The Paradox in the Numbers
On the surface, the story of AI in India is one of remarkable growth. A recent report from Nomura highlighted that for every job lost to AI, 2.6 new ones are being created. Specifically, India saw about 83,100 AI-related hires against roughly 32,000 job losses
linked to the technology. This suggests a net positive trend. However, a separate July 2026 survey from the professional networking platform Blind tells a different story: 66% of AI and machine learning professionals in India expect layoffs in their teams within the next six months. This level of anxiety is second only to sales and marketing roles, challenging the popular belief that an AI-focused career is a safe haven.
Where the Hiring Boom Is Happening
The demand for new talent is real and concentrated in highly specialized areas. Companies are aggressively seeking Machine Learning Engineers, Generative AI Developers, Data Scientists, and MLOps Engineers. NASSCOM estimates that India will need over a million AI professionals by 2027, but the current supply of trained individuals covers less than 20% of that demand. This has created a fierce competition for talent, with employers prioritizing demonstrable skills over traditional academic credentials. The hiring growth is almost exclusively in the technology sector, which has absorbed over 90% of the new AI-related roles.
The Source of Widespread Anxiety
The fear of layoffs stems from a fundamental mismatch. The jobs being eliminated are not the same as the ones being created, and the displaced workers cannot easily transition. The roles most vulnerable to automation are those involving routine or repetitive tasks, particularly in sectors like financial services and business process outsourcing (BPO). A NASSCOM report from early 2026 noted that junior and mid-level employees are seen as the most adversely impacted by AI. The anxiety among even AI specialists can be attributed to the rapid evolution of the field; as companies shift from AI research to practical deployment, team structures and skill requirements change, leading to restructuring and a sense of instability.

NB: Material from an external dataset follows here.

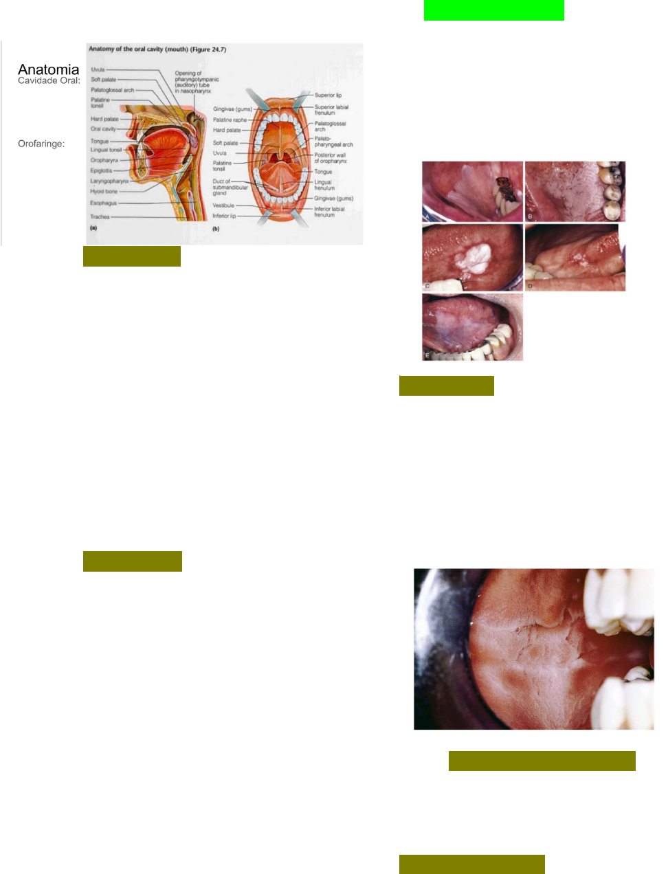 CAVIDADE ORAL E OROFARINGE LIMITE: OROFARINGE EMBRIOLOGIA: • ECTODERMA NÃO QUERATINIZADO • ENDODERMA RICO E COMPONENTE GLANDULAR SALIVAR • MESODERMA QUE VARIA DE TECIDO ÓSSEO A LINFOIDE • ESSA VARIAÇÃO EXPLICA AS MÚLTIPLAS VARIAÇÕES DE LESÕES LEUCOPLASIAS: - Qualquer lesão branca - Não é diagnostico -Dx: leucoedema, líquen plano, candidíase, nevo branco esponjoso -Lesão pré maligna mais comum (maioria é benigna) LEUCOPLASIA: • HOMENS • 50 – 80 ANOS • BRANCOS • TABAGISMO • EXPOSIÇÃO AO SOL • TRAUMA (COME AO SE REVERTER O TRAUMA) • CLINICA • VARIÁVEL • EVOLUTIVA • BX DIAGNOSTICA • TRATAMENTO: BX, BENIGNA: OBSERVAR OU RESSECÇÃO, PRÉ MALIGNA: RESSECÇÃO, MALIGNA: PREVENCAO E ACOMPANHAMENTO DOS GRUPOS DE RISCOS LEUCOEDEMA: • ESBRANQUIÇADA • OPALESCENTE • NEGROS • TABAGISTA • USO DE CANNABIS • VARIAÇÃO NORMALIDADE • ASSINTOMÁTICA LEUCOPLASIA PILOSA ORAL: • IMUNOSSUPRESSÃO SISTÊMICA • SORONEGATIVOS HIV • VÍRUS ESPTEN-BARR LÍQUEN PLANO ORAL: • IMUNOLÓGICA (LINFÓCITOS T) • MEIA IDADE • ASSINTOMÁTICA • DOENCAS SISTÊMICAS CAVIDADE ORAL E OROFARINGE • RISCO DE MALIGNIZACAO CANDIDÍASE ORAL: • INFECÇÃO OPORTUNISRA • CÂNDIDA albicans • FATORES LOCAIS - FUNÇÕES DE BARREIRA DA MUCOSA: TABAGISMO PESADO, CORPOS ESTRANHOS, MUCOSITE INDUZIDA POR RADIAÇÃO, USO DE CORTICOCOSTEROIDES TÓPICOS E INALATORIOS, XEROSTOMIA. FATORES SISTÊMICOS – IMUNOSSUPRESSÃO, IDADE, VÍRUS, RETROVÍRUS, QUIMIOTERAPIA, USO DE CORTICOCOSTEROIDE, DM, IMUNODEFICIÊNCIA INTRÍNSECA, MIELODISPLASIA, LEUCEMIA, USO DE ANTIBIÓTICOS. • CANDIDÍASE AGUDA: PSEUDOMEMBRANOSA, ERITEMATOZA, ATRÓFICA. • CANDIDÍASE CRÔNICA: HIPERPLASIA (LEUCOPLASIA POR CÂNDIDA), RELACIONADA A DENTADURA, GLOSSITE ROMBOIDE MEDIANA. LESÕES VESICOBOLHOSAS E ULCERATIVAS: • PÊNFIGO VULGAR • DOENCAS AUTOIMUNES MUCOCUTANEA • AUTOANTICORPO PROTEÇÃO ADESÃO QUERATINOCITOS • >50 • TRATAMENTO: IMUNOSSUPRESSÃO • HERPES VIRUS SIMPLES • HVS-1 • 90% DA POPULAÇÃO • ARMAZENADO NO NERVO TRIGEMIO (V PAR CRANIANO) • INFECÇÃO POR CONTATO DIRETO • LESAO RECORRENTE • FATORES DESECADEANTES: LESAO TRAUMATUCA E IATROGENICA, DOENCAS, CONDICOES E SÍNDROMES SISTEMICAS ASSOCIADAS, ALIMENTAÇÃO, CICLO MENSTRUAL. ERITEMA MULTIFORME: • HIPERSENSIBILIDADE AUTO LIMITADA • SD STEVENS-JOHNSON • EBV/HEPC/HVS-1 • REAÇÃO MEDICAMENTODA • TRATAMENTO CONFORME A GRAVIDADE CAVIDADE ORAL E OROFARINGE GRANULOMA TRAUMÁTICO: • ULCERA ORAL CRONICA RARA • DX DIFERENCIAL CEC TUMORES BENIGNOS: - CONGÊNITOS: TORUS, CRESCIMENTO ÓSSEO, ASSINTOMATICO TIREOIDE LINGUAL, DORSO DA LÍNGUA, NÃO DESCIDA, ASSINTOMÁTICA NA MAIORIA, HIPOTIREOIDISMO. CISTOS DE DESENVOLVIMENTO: RARO, CISTOS DERMOIDES, DUPLICAÇÃO, NASOALVEOLARES, CONTEÚDOS ANEXOS. FIBROMA: PSEUDOTUMOR, REACIONAL, MULHERES > 40. FIRME – PEDICULADA. ULCERAÇÕES DA MUCOSA: DX DIFERENCIAL LESÕES MALIGNAS, DIVERSAS CAUSAS COMO CROHN E BEHÇET. GRANULOMA PIOGÊNICO: LESAO ELEVADA PEDICULADA, EXCESSO ANASTOMOSES VASCULARES, TRAT EXÉRESE SIALOMETAPLASIA NECROSANTE: • BENIGNO • GLANDULAR SALIVAR • DX DIFERENCIAL • RESOLUTIVO 3-6 SEMANAS AMILOIDOSE: • DEPOSIÇÃO ANORMAL DE PROTREINA • TRATAMENTO: CAUSA E RESSECÇÃO PAPILOMA: • PAPILOMA ESCAMOSO • 4/1000 • PAPILOMA VÍRUS 6-11 • ASSINTOMATICO • RARAMENTE MALIGNIZA • EXCISÃO OU ABLASAO TUMOR DE CELULAS GRANULARES: • ORIGEM NEURAL • DORSO DA LÍNGUA CAVIDADE ORAL E OROFARINGE • 1% MALIGNIZA • EXÉRESE CIRÚRGICA TUMORES BENIGNOS: - NEUROFIBROMA - LIPOMA - HEMANGIOMA - AMELOBLASTOMA - TU ODONTOGENICO - MAXILA E MANDÍBULA - RARAMENTE MALIGNIZA - ADENOMATOSOS PLEOMORFICO NEOPLASIAS MALIGNAS: - ASSOCIADA AO TABAGISMO E ELITISMO - SOL (LÁBIO INFERIOR) - EPIDEMIOLOGIA: HOMENS 60%, BAIXA RENDA HISTOPATOLOGIA: - ESPESSURA DA LÍNGUA - GRAU DE DIFERENCIAÇÃO - INVASÃO VASCULAR - PERINEURAL LESAO PRÉ MALIGNA: • LEUCOPLASIA • ERITROPLASIA > RISCO CAVIDADE ORAL E OROFARINGE • DISPLASIA LEVE, MODERADA E GRAVE CARCINOMA ESPINOCELULAR: • CELULAS ESCAMOSAS • VARIÁVEIS • DIFERENCIAIS: KAPOSI, SARCOMAS, MELANOMA DESMOPLÁSICO • TRIAGEM, EXAME FISICO, ESTADIAMENTO PRÉ OPERATÓRIO, NUTRIÇÃO, AVALIAÇÃO DENTÁRIA, DONO • PROGNOSTICO: PELA ESPESSURA. • TRATAMENTO: ESTÁDIO, CLINICO, PSICOLÓGICO, CIRURGIA, ADJUVANTE • TRATAMENTO:RECONSTRUÇÃO, FUNÇÃO, FORMA, ESTÉTICA, EVITAR A MONSTRECTOMIA COM HORROROPLASTIA. • REABILITAÇÃO: DEGLUTIÇÃO, FALA, DOR, RECIDIVA ELEVADA.. O carcinoma espinocelular, também conhecido como CEC ou carcinoma de células escamosas, é um tipo de câncer de pele que surge, principalmente, na boca, língua e esôfago e provoca sinais e sintomas como feridas que não cicatrizam, que sangram facilmente e manchas ásperas na pele, com bordas irregulares

A Tale of Two Labour Markets
Economists at Nomura describe the current situation as a 'two-tier labour market'. In the top tier, there is soaring demand and high salaries for experienced professionals with specialized AI skills. In the bottom tier, demand for traditional entry-level roles is shrinking. These basic jobs historically served as a training ground for fresh graduates to enter the corporate world. As AI automates these routine tasks, that pathway is closing for many, making it harder for those without pre-existing, job-ready skills to get a foothold. This creates a significant talent shortage, with one survey finding that 82% of Indian employers are struggling to find the talent they need, despite a high volume of graduates.
Upskilling Is No Longer Optional
The data points to a clear, unavoidable conclusion: the key to navigating this new landscape is continuous learning and adaptation. The World Economic Forum has estimated that a significant portion of India's workforce will require substantial upskilling by 2030. The skills in highest demand include not just technical abilities like Python and machine learning, but also the capacity to use AI tools effectively to solve real business problems. The focus has shifted from what you studied to what you can build and what problems you can solve. Leading industry bodies like NASSCOM emphasize that the future is about human-AI collaboration, where technology elevates human roles rather than simply replacing them.